Start of Block

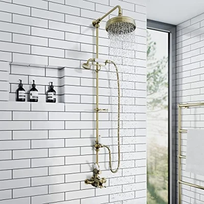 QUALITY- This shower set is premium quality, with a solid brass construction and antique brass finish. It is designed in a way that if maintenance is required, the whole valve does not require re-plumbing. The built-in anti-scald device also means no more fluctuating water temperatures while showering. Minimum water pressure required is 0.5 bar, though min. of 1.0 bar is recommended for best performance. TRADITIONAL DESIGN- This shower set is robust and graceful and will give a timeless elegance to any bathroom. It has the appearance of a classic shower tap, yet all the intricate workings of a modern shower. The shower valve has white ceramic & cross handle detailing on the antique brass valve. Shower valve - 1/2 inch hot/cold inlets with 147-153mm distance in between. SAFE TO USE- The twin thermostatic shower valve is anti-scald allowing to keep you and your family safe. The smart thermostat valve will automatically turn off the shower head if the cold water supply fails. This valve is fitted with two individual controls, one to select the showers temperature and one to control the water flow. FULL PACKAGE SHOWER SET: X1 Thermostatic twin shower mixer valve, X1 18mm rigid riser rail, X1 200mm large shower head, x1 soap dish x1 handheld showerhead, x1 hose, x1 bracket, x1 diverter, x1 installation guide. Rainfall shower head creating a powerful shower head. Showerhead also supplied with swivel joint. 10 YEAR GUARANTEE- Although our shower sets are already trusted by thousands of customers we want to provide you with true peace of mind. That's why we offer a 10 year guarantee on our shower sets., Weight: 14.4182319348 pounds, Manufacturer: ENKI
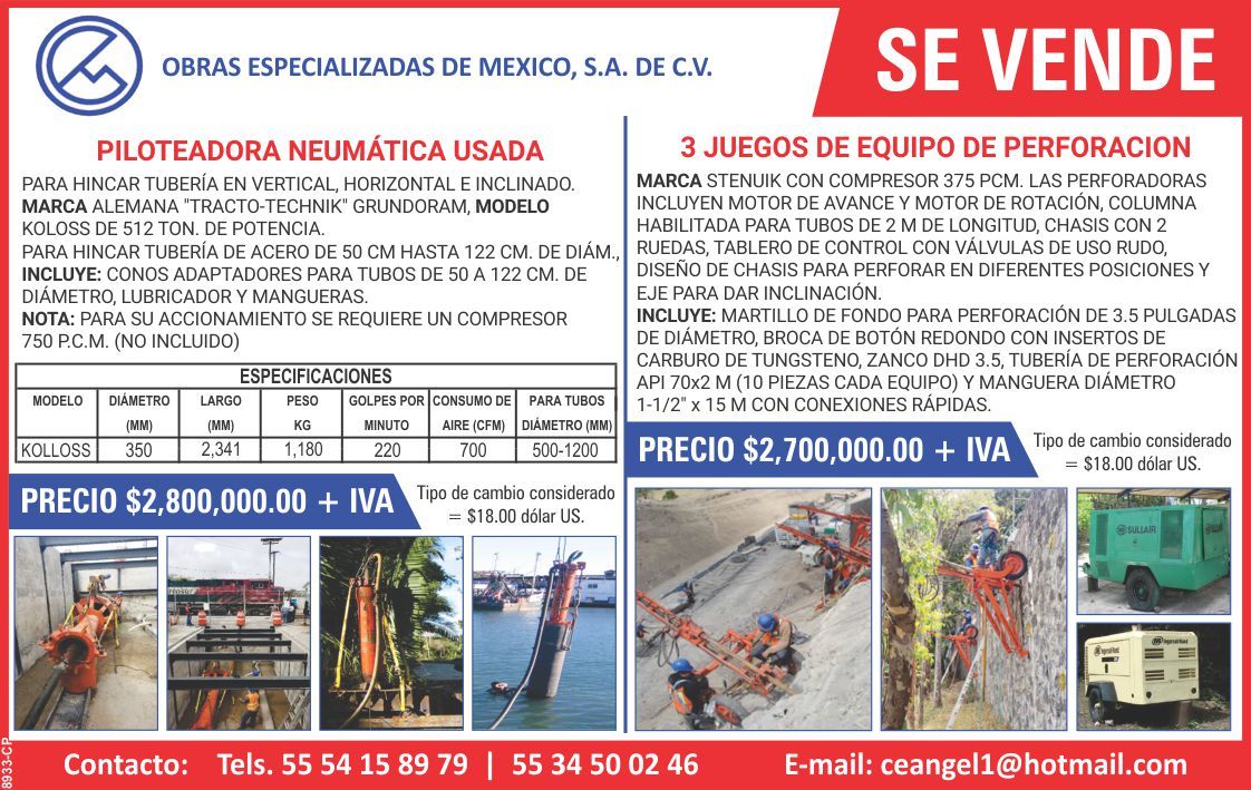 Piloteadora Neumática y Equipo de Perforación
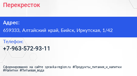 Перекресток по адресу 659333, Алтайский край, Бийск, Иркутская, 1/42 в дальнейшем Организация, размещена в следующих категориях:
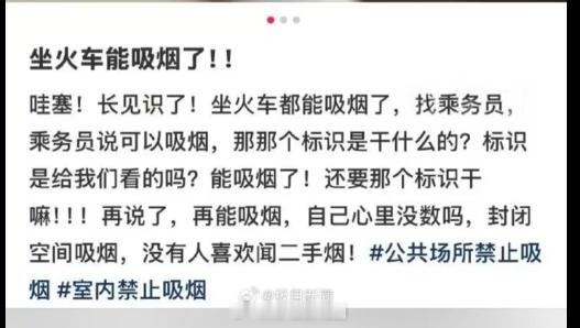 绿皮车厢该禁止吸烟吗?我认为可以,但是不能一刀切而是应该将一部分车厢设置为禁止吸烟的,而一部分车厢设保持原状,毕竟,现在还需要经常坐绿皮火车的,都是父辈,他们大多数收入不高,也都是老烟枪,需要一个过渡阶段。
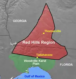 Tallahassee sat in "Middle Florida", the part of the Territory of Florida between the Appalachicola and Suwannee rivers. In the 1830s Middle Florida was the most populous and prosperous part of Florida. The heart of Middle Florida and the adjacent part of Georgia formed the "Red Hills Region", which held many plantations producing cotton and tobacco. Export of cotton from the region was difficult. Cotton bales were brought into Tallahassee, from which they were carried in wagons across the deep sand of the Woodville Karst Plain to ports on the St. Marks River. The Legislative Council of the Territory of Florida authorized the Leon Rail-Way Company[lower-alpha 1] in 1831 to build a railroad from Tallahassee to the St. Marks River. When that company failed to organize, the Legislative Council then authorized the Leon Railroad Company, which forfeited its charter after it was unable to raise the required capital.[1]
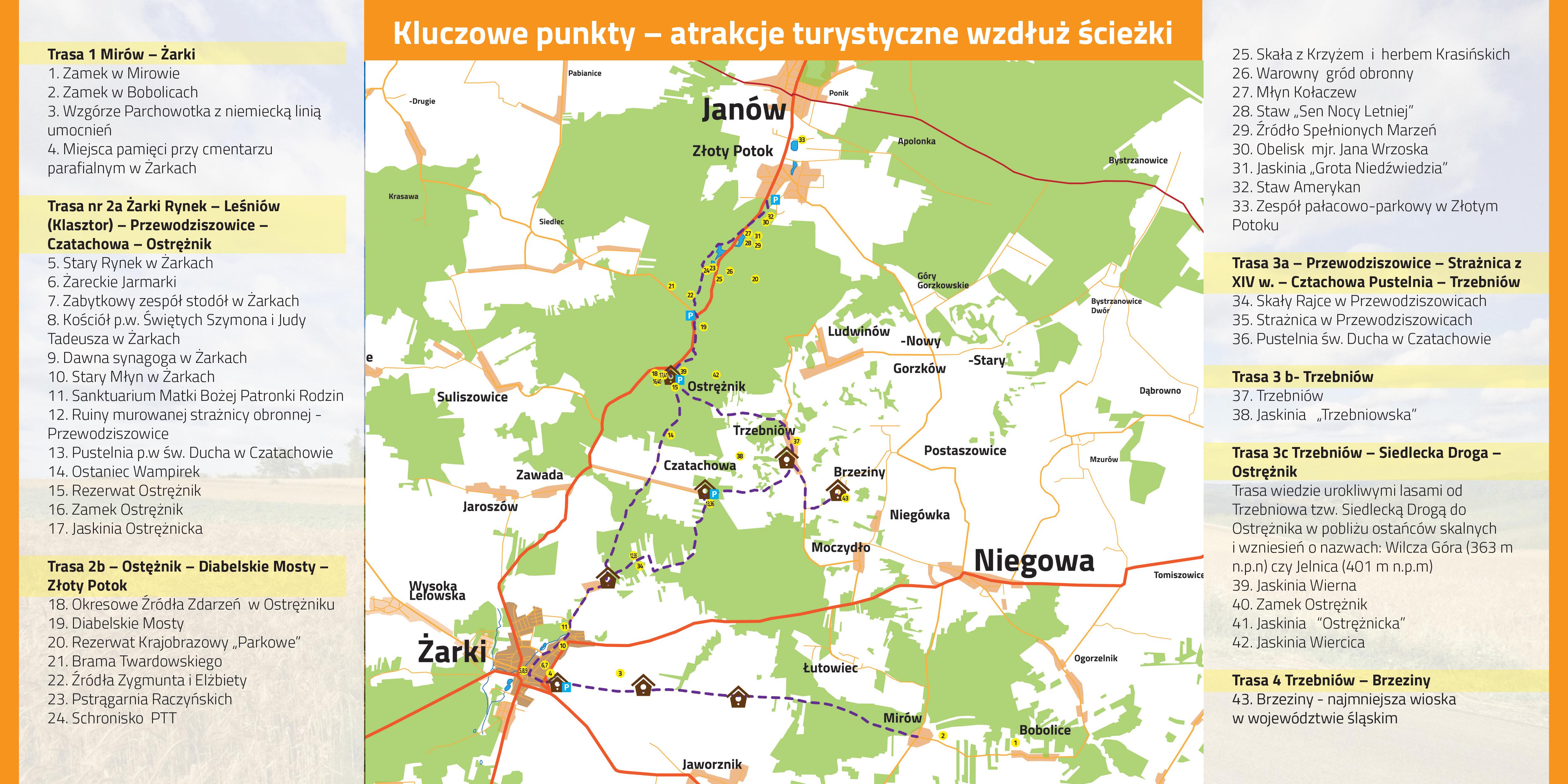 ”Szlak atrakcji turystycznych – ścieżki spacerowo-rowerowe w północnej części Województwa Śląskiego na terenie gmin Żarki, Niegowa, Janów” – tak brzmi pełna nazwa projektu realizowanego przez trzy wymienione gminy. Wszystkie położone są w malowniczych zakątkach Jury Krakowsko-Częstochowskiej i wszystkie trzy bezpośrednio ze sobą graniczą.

End of Block

## Directions
Omit all pictures, and repeat exactly the lines from the line containing "Перекресток по адресу" through the end of the data.

## Result
 Перекресток по адресу 659333, Алтайский край, Бийск, Иркутская, 1/42 в дальнейшем Организация, размещена в следующих категориях:
 绿皮车厢该禁止吸烟吗?我认为可以,但是不能一刀切而是应该将一部分车厢设置为禁止吸烟的,而一部分车厢设保持原状,毕竟,现在还需要经常坐绿皮火车的,都是父辈,他们大多数收入不高,也都是老烟枪,需要一个过渡阶段。
 Tallahassee sat in "Middle Florida", the part of the Territory of Florida between the Appalachicola and Suwannee rivers. In the 1830s Middle Florida was the most populous and prosperous part of Florida. The heart of Middle Florida and the adjacent part of Georgia formed the "Red Hills Region", which held many plantations producing cotton and tobacco. Export of cotton from the region was difficult. Cotton bales were brought into Tallahassee, from which they were carried in wagons across the deep sand of the Woodville Karst Plain to ports on the St. Marks River. The Legislative Council of the Territory of Florida authorized the Leon Rail-Way Company[lower-alpha 1] in 1831 to build a railroad from Tallahassee to the St. Marks River. When that company failed to organize, the Legislative Council then authorized the Leon Railroad Company, which forfeited its charter after it was unable to raise the required capital.[1]
 ”Szlak atrakcji turystycznych – ścieżki spacerowo-rowerowe w północnej części Województwa Śląskiego na terenie gmin Żarki, Niegowa, Janów” – tak brzmi pełna nazwa projektu realizowanego przez trzy wymienione gminy. Wszystkie położone są w malowniczych zakątkach Jury Krakowsko-Częstochowskiej i wszystkie trzy bezpośrednio ze sobą graniczą.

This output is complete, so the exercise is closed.